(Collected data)
────────────────────────────────────────

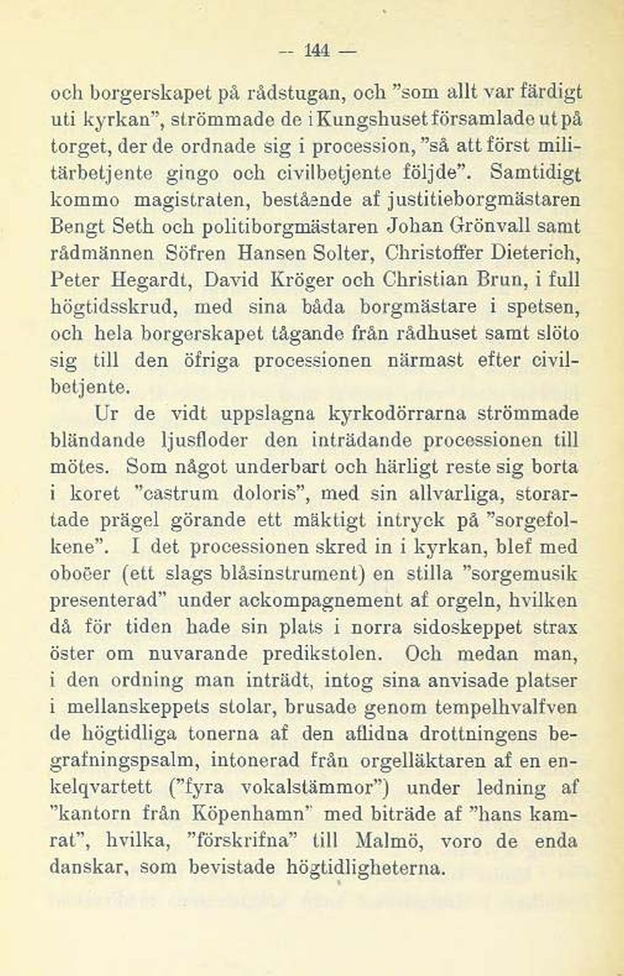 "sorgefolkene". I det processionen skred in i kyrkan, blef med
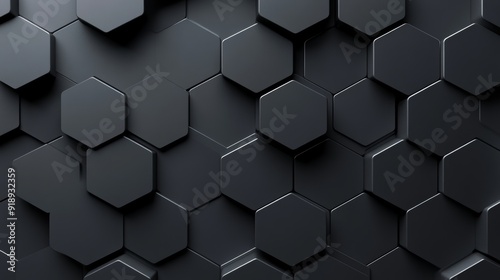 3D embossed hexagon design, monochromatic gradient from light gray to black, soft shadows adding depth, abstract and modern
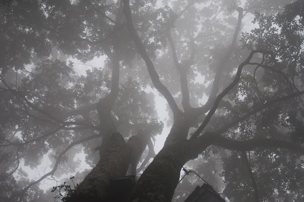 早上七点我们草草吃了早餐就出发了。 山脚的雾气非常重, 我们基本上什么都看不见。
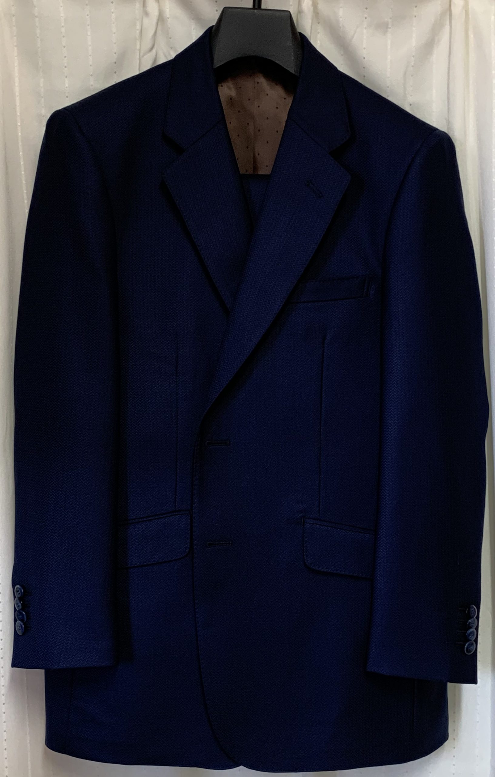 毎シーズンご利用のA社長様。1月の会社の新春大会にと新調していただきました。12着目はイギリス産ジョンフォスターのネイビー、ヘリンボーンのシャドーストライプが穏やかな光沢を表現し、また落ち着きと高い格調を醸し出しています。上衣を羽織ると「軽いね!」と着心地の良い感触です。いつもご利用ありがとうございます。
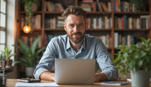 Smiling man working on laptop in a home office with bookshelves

────────────────────────────────────────

[WHAT THIS TASK INVOLVES] Every line of the data above is to be set down word for word, with the pictures left out.

[ANSWER SECTION]
 "sorgefolkene". I det processionen skred in i kyrkan, blef med
 3D embossed hexagon design, monochromatic gradient from light gray to black, soft shadows adding depth, abstract and modern
 早上七点我们草草吃了早餐就出发了。 山脚的雾气非常重, 我们基本上什么都看不见。
 毎シーズンご利用のA社長様。1月の会社の新春大会にと新調していただきました。12着目はイギリス産ジョンフォスターのネイビー、ヘリンボーンのシャドーストライプが穏やかな光沢を表現し、また落ち着きと高い格調を醸し出しています。上衣を羽織ると「軽いね!」と着心地の良い感触です。いつもご利用ありがとうございます。
 Smiling man working on laptop in a home office with bookshelves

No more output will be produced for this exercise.